Les barèmes de l'impôt sur les sociétés ont partout été réduits pour tenter de ralentir le phénomène. Dans les 35 pays de l'OCDE, le taux moyen d'imposition effectif des sociétés est passé de 32,5 % en 2000 à 23,9 % en 2018.

Champions du lobbying

En 2018, la barre symbolique des 1 000 milliards de dollars a été à nouveau remise à l'honneur, mais cette fois pour saluer la valeur capitalistique des entreprises, une première fois le 2 août 2018 par Apple, une entreprise au bord de la faillite 20 ans plus tôt, puis un mois plus tard par Amazon, une entreprise née 20 ans plus tôt. C'est l'avènement des plates-formes, un nouveau type de FMN.

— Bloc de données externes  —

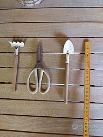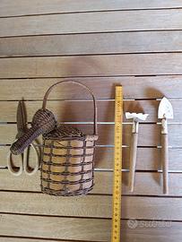 Il rastrello e la vanga presentano manico in legno e parte bianca in metallo, imbuto interamente in vimini e forbici in ferro

On pensait qu'Internet ferait disparaître les intermédiaires, on découvre en réalité que les nouveaux maîtres du monde sont tous des intermédiaires à l'échelle planétaire. Ils s'imposent en ignorant toutes les formes de réglementation (fiscalité, droit du travail, métier réglementé, etc.). Ils s'imposent sous prétexte d'innovation technologique. Ils revendiquent la rupture avec le passé pour mieux culbuter toute forme de réglementation. Ils instaurent dès qu'ils le peuvent un véritable chantage en mobilisant les opinions publiques contre les politiques régulatrices.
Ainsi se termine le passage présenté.